Un tel enchaînement de messages, sans la battre complètement en brèche, amenuise l'hypothèse d'un attentat qui, « de plus en plus, relèverait d'un scénario à la James Bond », estime ce proche du dossier. Les Acars ne livrent rien de l'origine des fumées. D'emblée, les autorités égyptiennes ont évoqué une piste terroriste, « plus probable que celle d'une défaillance ». Pourtant, rien n'est venu l'étayer, à commencer par une quelconque revendication. A l'inverse, l'histoire de l'aviation regorge de précédents incendies aux conséquences funestes. En 1980, 301 personnes étaient décédées dans l'embrasement d'un Lockheed de la compagnie Saudia, l'incendie ayant pris dans une soute. En 1998, c'est un probable court-circuit sur l'un des systèmes de divertissement (les écrans passagers) d'un McDonnell Douglas de Swissair qui entraîne la perte de l'avion et de ses 229 occupants. En 2007 encore, un Boeing 737 de China Airlines est ravagé par les flammes, sans qu'il y ait de victimes. Le feu peut tout aussi bien prendre dans des « torons », ces câbles utilisés dans l'aviation, que sur des bobines ou autres condensateurs. Si les toilettes d'A320 sont équipées d'extincteurs intégrés automatiques, « ce n'est à ma connaissance pas le cas pour la soute avionique, se remémore cet ingénieur. Il faut une intervention humaine, à l'aide d'extincteurs à main spécifiques à l'aviation ».
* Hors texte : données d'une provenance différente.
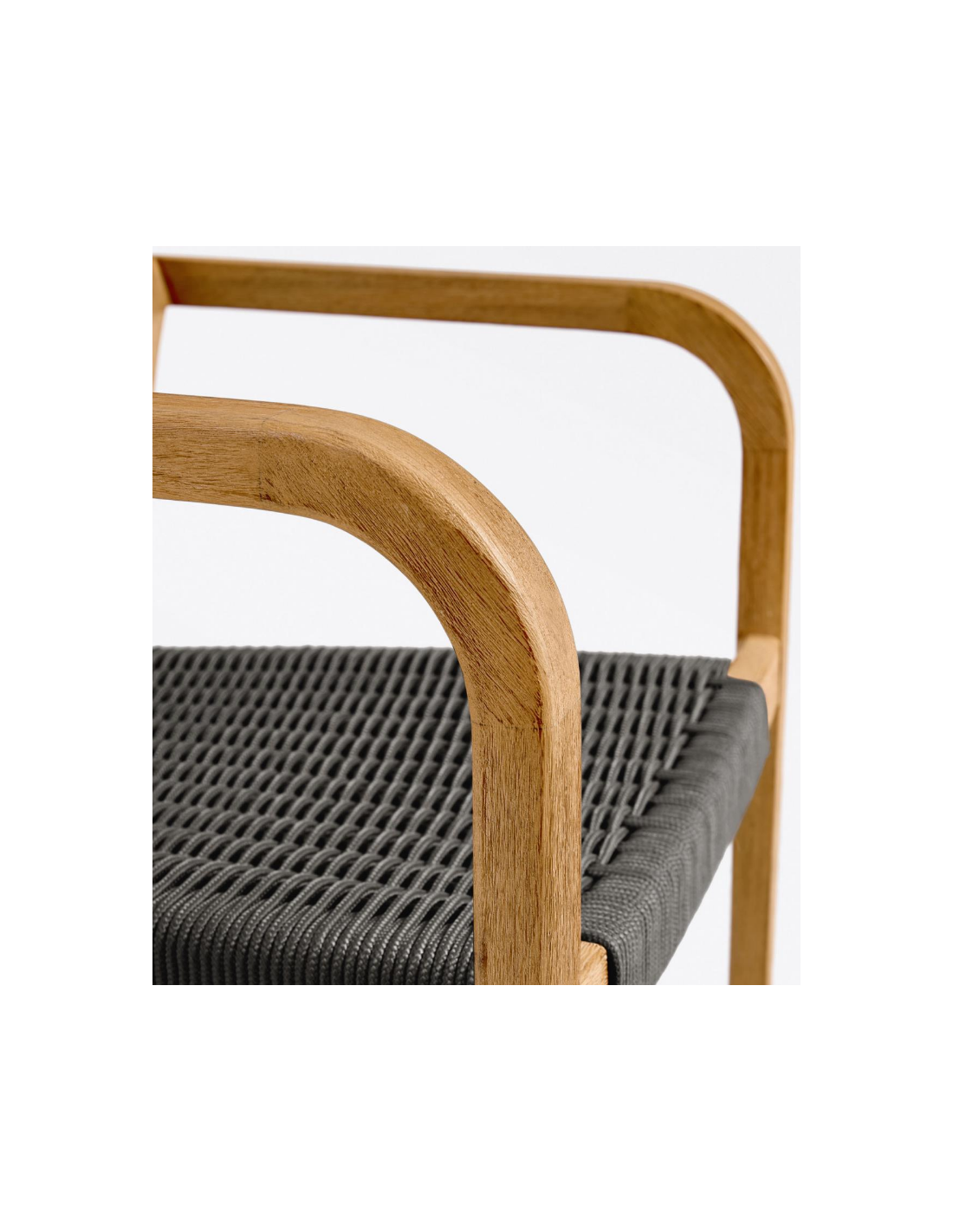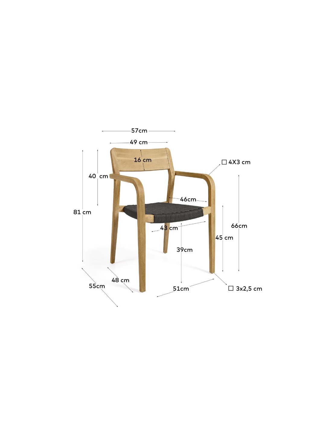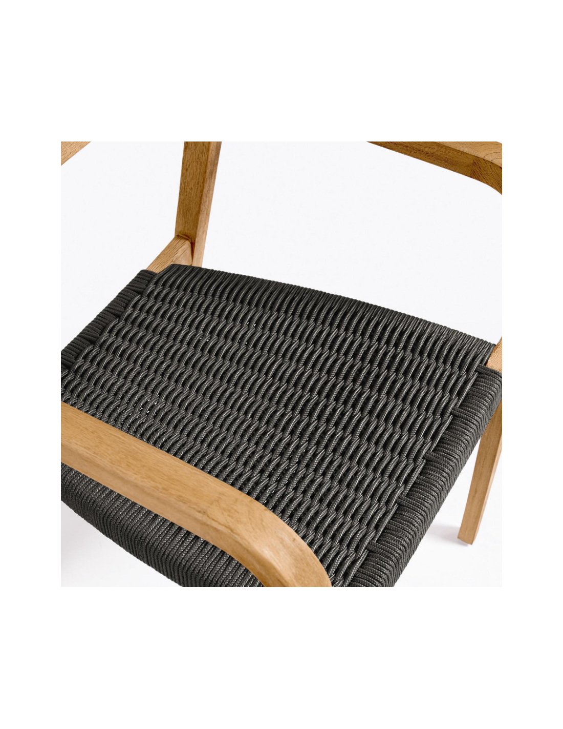 Sæt med 4 havestole i et design fra LaForma. Stolene er fremstillet i akacietræ og sort reb. Stolene måler 81 cm i højden over ryggen og 57 x 55 cm i bredde og dybde.

Une enquête à couteaux tirés

Comme l'avait révélé M 6, le capitaine du MS 804 a communiqué avec Le Caire au moment du drame. Qu'a-t-il dit ? Mystère. Au fil de ces deux dernières semaines, la communication erratique des autorités égyptiennes est venue grever un peu plus la faible confiance qu'avaient en elles les professionnels de l'aéronautique, notamment suite à l'enquête parcellaire menée dans le cadre du crash de la Flash Airlines, à Charm-el-Cheikh en 2004. « Avec les Egyptiens, ça cogne dur », confirme un enquêteur français. En théorie, de telles investigations reposent sur une « coopération sincère » entre les différents pays. On en est loin. « C'est l'Egypte qui dirige l'enquête. Et l'oriente, accuse cette même source. Tout nous laisse penser qu'ils veulent réécrire l'histoire. » Pour l'intéressé, la meilleure preuve en est ce silence radio observé sur la maintenance de l'appareil. « Le problème, c'est que le BEA est sous leur autorité, et qu'ils auront la main sur le rapport d'enquête final. » « Il a fallu trois jours pour que l'existence des messages Acars soit connue, note en écho François Nénin, journaliste spécialisé. Dans le même temps, l'Egypte a mis trois mois a reconnaître que l'avion de Metrojet, en octobre, avait bien été détruit par un attentat, que Daech avait revendiqué le jour même... »

L'inquiétude des familles

Ces doutes, les familles des victimes les partagent. « On ressent une inquiétude croissante de leur part quant à la réalité de la coopération franco-égyptienne », raconte Stéphane Gicquel, secrétaire général de la Fédération nationale des victimes d'attentats et d'accidents collectifs (Fenvac). L'association déplore que « les familles ne sont pas suffisamment informées des évolutions des investigations. C'est très difficile à vivre ». Autre source d'angoisse : l'identification des corps. « Les proches apprécieraient que l'Egypte envoie un signal fort, en sollicitant par exemple la coopération de l'Institut de recherche criminelle de la gendarmerie nationale », relaie Stéphane Gicquel. Sans aller jusque-là, l'Egypte a fait appel à un prestataire spécialisé dans l'assistance post-catastrophe, Kenyon International. C'est cette même société qu'avait sollicitée Lufthansa après le crash de la Germanwings.